Pando

Billguard was the first to notify many affected consumers of the USPS security breach

By Michael Carney , written on November 11, 2014

From The News Desk

Less than a week ago I was singing the praises of Billguard as a crucial line of defense for consumers concerned with payment fraud in today’s climate of prolific corporate hacking. Right on cue today I received an email from the company backing up that very assertion.

As you may have read yesterday, the United States Postal Service (USPS) was recently the victim of a cybersecurity breach – they were hacked, maybe by China – resulting in the exposure of personal information of the government agency’s 800,000 employees and an unknown number of consumers.

Sadly, revelations of major corporate hacks have become commonplace, and most consumers (myself included) simply brush them off without much of a second thought. This was the case for me when I read headlines of the USPS attack. It’s potentially notable from a nation-state-level espionage perspective, but being that I’m not an employee of the USPS and I have little day to day interaction with what I view as a dying organization, I had no reason to believe this particular incident affected me directly.

So, about that email.

I awoke this morning to an email from Billguard alerting me that I had, in fact, used a credit card at a USPS branch during the period affected by the breach. This was news to me. It turns out that I was on vacation a few months ago and had to send a package home. I had completely forgotten about this. Fortunately, while it will likely take months for the USPS – or any other merchant in a similar scenario – to contact affected consumers, Billguard had an email in my inbox within 24 hours of the breach announcement.
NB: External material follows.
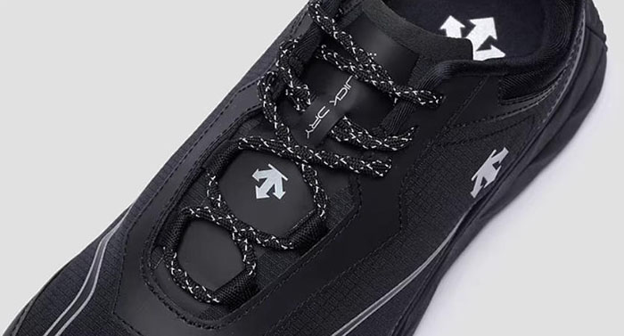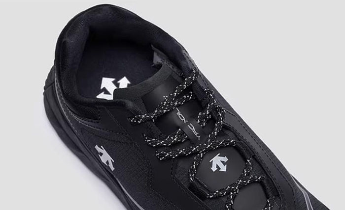 在外观设计上,TERRAIN-D 跑鞋延续迪桑特标志性的极简工业美学,以流畅利落的几何线条勾勒出利落鞋身轮廓,兼具力量感与精致感。鞋身侧面的品牌银色箭头 Logo 是核心视觉符号,全黑款以高对比度呈现,成为低调造型中的视觉焦点;浅黄款采用同色系压印工艺,低调内敛又暗藏品牌辨识度,完美平衡高级感与专属标识。鞋头搭载 TPU 防撞包边,既提升鞋身耐用性,抵御日常行走、轻度户外的磕碰磨损,又强化整体结构感;鞋侧嵌入 3M 反光条,为夜间通勤、夜跑提供安全防护,同时丰富鞋身层次细节;定制黑白斑点反光鞋带搭配印有 “XCK DRY” 字样的专属鞋带袢,传统系带结构兼具设计感与实用性;鞋舌与鞋垫均印有品牌箭头 Logo,以细节传递品牌 DNA,彰显高端运动品牌的匠心工艺。

Billguard sent the same email to a total of 113,240 affected users who had payment card charges from the USPS during the period in question, according to VP of Marketing, Mick Weinstein. It turns out that the nature of this particular breach means it likely only affected consumers who had contacted USPS customer service during the period in question – I didn’t – and is unlikely to have compromised payment details around non-customer service transactions. But without knowing which of its users were affected, Billguard proceeded to notified all of its users who had made payments.

“We don't know how many of [these 113k users may be affected], but we thought it was important for everyone to get a heads up, since it's usually weeks or months before the merchant gets around to contacting affected customers – if they do at all,” Weinstein said by email. “BillGuard is almost always the first to contact customers of a breached retailer, in time for them to take the most important action they can take right away: checking their accounts carefully for anything they don't recognize.”

This is not the first time that Billguard has served as the first notification to many consumers that their payment credentials may have been breached. The company keeps a running list of prior breaches, the number of affected users notified, and customer testimonials speaking to their first line of defense status. These incidents including the recent Staples breach (45,173 Billguard users), K-Mart (14,665 users), JP Morgan Chase (108,243 users), Home Depot (97,582 users), Dairy Queen (38,883 users), UPS (21,894 users), and Albertsons (17,259 users)

So if you aren’t sufficiently scared straight from ever trusting a merchant with your credit card information again, hopefully you’re at least reminded that being vigilant about your account activity is essential. As Billguard demonstrated today, its toolset and service is among the best options available for this purpose. As an aside, the above stats are as good of an endorsement of Apple Pay or Bitcoin, and against CurrentC as any.

One of the most persistent myths keeping consumers vulnerable is the belief that banks catch the majority of payment fraud. The reality is that they miss more than half of known fraud (and by default, 100 percent of unknown fraud) according to Billguard.

“The only thing you can do is be super vigilant and use tools that help,” Weinstein says.

Read the full Billguard data breach email notification below:

We’re reaching out to notify you that a large data breach has taken place at the U.S. Postal Service (USPS) during a period when you made at least one transaction at a USPS online store or at a post office.

The data breach apparently did not affect payment card info, but if you contacted USPS's customer support before or after your transaction(s), your personal information may have been exposed.

The USPS disclosed yesterday that hackers gained access to its IT systems from the beginning of this year to mid-August. The data breach exposed particularly sensitive information on USPS employees, and the hackers also gained access to names, addresses, phone numbers and emails for 2.9 million USPS customers who contacted its customer support centers by email or phone.

Read more about the USPS data breach on CNN or our blog.

What to do now?

  1. Don't panic - usually, most consumers are not hurt by a data breach.
  2. Be on the lookout for fake emails, letters and phone calls asking for personal information. This is often used by crooks to supplement the information from a data theft, to perpetrate identity theft.
  3. Review your credit and/or debit card transactions closely in BillGuard: Click here
If you see a suspicious charge, flag it in BillGuard to contact the merchant and helpBillGuard better protect you and others.

If you suspect your card has been used fraudulently, contact your card issuer (typically your bank) immediately. The contact number appears on the back of the card.